— What is needed —
Write out only the lines from the start of the entries up to and including the line with "563 Spur-winged Lapwing"; please skip the pictures.

(Source material)

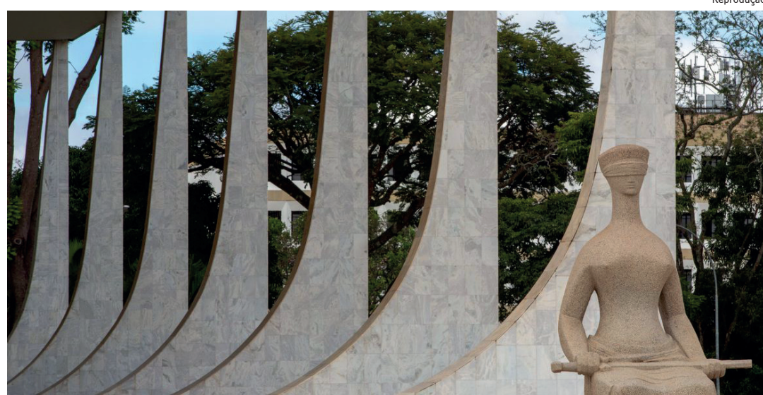
Análise foi interrompida nesta sexta e será retomada em agosto

A tese da “legítima defesa da honra” foi questionada no Supremo pelo PDT, em uma arguição de descumprimento de preceito fundamental (ADPF). O partido destacou que tal tese, que chamou de “nefasta” e “anacrô-
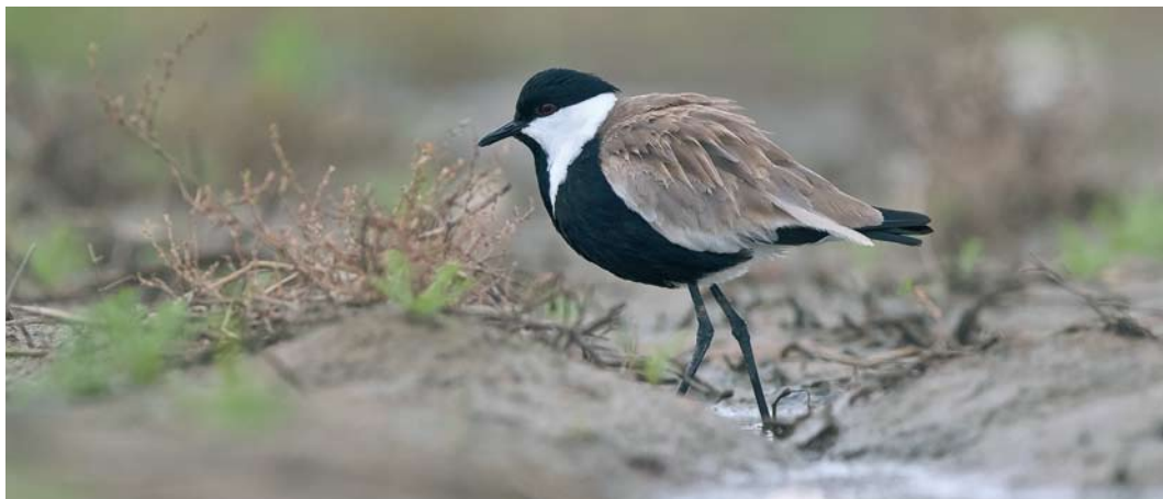
563 Spur-winged Lapwing / Sporenkievit Vanellus spinosus , adult, Strzelno, Kujawsko-Pomorskie, Poland, 25 September 2017 (Stanisław Turowski)

A adalberti were seen at Point Cires, Tangier, crossing the Strait of Gibraltar to Morocco. C 1500 Steppe Eagles A nipalensis at Raysut waste disposal site on 24 January was the highest-ever number for Oman. The second Eastern Imperial Eagle A heliaca for the Netherlands was a fourth calendar-year photographed at Brobbelbies, Schaijk, Noord-Brabant, on 27 September, and then turning up in north-western Overijssel and into Flevoland on 3-4 and 8-10 October (the first was in April 2005). It had been ringed as a chick on the nest at Dévaványa, Békés, Hungary, on 18 June 2014. Surprisingly, based on feather details, it was identified as the same individual as the one in January at Lago di Massaciuccoli, Toscana, where it was erroneously considered to be the first Spanish Imperial Eagle for Italy, partly the result of its ring not read (cf Dutch Birding 39: 45, plate 54, 2017). In Scotland, an adult male Northern Harrier C hudsonius was reported at Rendall, Mainland, Orkney, on 13 October. The second Northern Goshawk Accipiter gentilis for the Faeroes stayed on Kunoy from 30 September to 3 October. A kite flying over Slikken van de Heen, Zeeland, Netherlands, on 10 October was identified as an 'intergrade' between Black Kite M migrans and Black-eared Kite M lineatus .
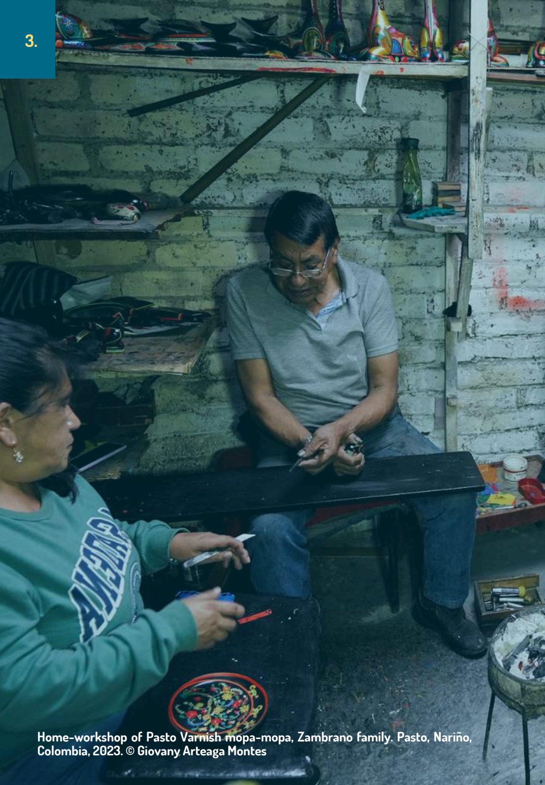
Home-workshop of Pasto Varnish mopa-mopa, Zambrano family. Pasto, Nariño, Colombia, 2023.
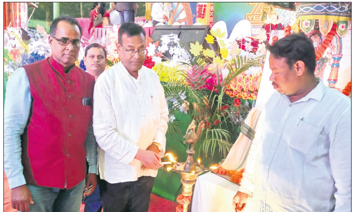
ବିଧାନସଭା ସତ୍ୟନାରାୟଣ ପ୍ରଧାନ ପ୍ଲାଟିନମ୍ ଜୁବିଲି ଉତ୍ସବକୁ ଉଦ୍‌ଘାଟନ କରୁଛନ୍ତି।

ନାରାୟଣ ଉଚ୍ଚ ବିଦ୍ୟାଳୟର ପ୍ଲାଟିନମ୍ ଜୁବିଲି ବିଦ୍ୟାଳୟ ପ୍ରାଙ୍ଗଣରେ ଶିଳିକାର ଉଦ୍‌ଘାଟିତ ହୋଇଯାଇଛି। ଏହି ଉତ୍ସବରେ ରଣପୁର ବିଧାନସଭା ତଥା ଜିଲ୍ଲା ଯୋଜନା ବୋର୍ଡ ଅଧ୍ୟକ୍ଷ ସତ୍ୟନାରାୟଣ ପ୍ରଧାନ ପୁଣ୍ୟଅତିଥି ରୂପେ ଯୋଗ ଦେଇ ଏହି ଉତ୍ସବକୁ ଉଦ୍‌ଘାଟନ କରିଥିଲେ।

(End Source material)

— Completed exercise —
Análise foi interrompida nesta sexta e será retomada em agosto

A tese da “legítima defesa da honra” foi questionada no Supremo pelo PDT, em uma arguição de descumprimento de preceito fundamental (ADPF). O partido destacou que tal tese, que chamou de “nefasta” e “anacrô-
563 Spur-winged Lapwing / Sporenkievit Vanellus spinosus , adult, Strzelno, Kujawsko-Pomorskie, Poland, 25 September 2017 (Stanisław Turowski)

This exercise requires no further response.